### Task requirements
Below this sentence is a listing; return exactly its lines from the one with "ジルコニアの輝きが美しい、小" to the one with "DACOM G05 TWS", both kept, and nothing more.
====== Data below
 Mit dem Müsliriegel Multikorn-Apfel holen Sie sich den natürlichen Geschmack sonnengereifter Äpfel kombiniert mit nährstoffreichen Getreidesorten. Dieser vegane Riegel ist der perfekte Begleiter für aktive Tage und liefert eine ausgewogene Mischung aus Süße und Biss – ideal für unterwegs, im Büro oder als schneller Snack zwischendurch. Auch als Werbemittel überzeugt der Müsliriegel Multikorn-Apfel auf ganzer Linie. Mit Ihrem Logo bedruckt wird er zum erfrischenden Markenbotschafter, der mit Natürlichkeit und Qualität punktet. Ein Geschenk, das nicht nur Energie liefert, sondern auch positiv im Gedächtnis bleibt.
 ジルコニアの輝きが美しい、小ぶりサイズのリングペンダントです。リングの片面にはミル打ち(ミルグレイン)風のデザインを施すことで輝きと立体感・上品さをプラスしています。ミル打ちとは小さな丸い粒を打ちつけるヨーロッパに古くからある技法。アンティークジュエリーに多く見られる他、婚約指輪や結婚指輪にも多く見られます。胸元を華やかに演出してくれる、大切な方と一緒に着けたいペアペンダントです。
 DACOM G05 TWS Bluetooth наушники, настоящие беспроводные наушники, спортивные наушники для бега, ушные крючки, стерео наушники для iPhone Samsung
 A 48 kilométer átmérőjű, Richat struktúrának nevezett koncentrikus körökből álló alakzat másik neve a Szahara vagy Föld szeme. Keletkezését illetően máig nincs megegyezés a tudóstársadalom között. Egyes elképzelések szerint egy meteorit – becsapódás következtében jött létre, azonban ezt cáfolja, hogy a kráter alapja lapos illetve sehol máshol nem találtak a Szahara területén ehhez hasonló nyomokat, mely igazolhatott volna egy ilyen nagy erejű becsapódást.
============
### Problem solution
 ジルコニアの輝きが美しい、小ぶりサイズのリングペンダントです。リングの片面にはミル打ち(ミルグレイン)風のデザインを施すことで輝きと立体感・上品さをプラスしています。ミル打ちとは小さな丸い粒を打ちつけるヨーロッパに古くからある技法。アンティークジュエリーに多く見られる他、婚約指輪や結婚指輪にも多く見られます。胸元を華やかに演出してくれる、大切な方と一緒に着けたいペアペンダントです。
 DACOM G05 TWS Bluetooth наушники, настоящие беспроводные наушники, спортивные наушники для бега, ушные крючки, стерео наушники для iPhone Samsung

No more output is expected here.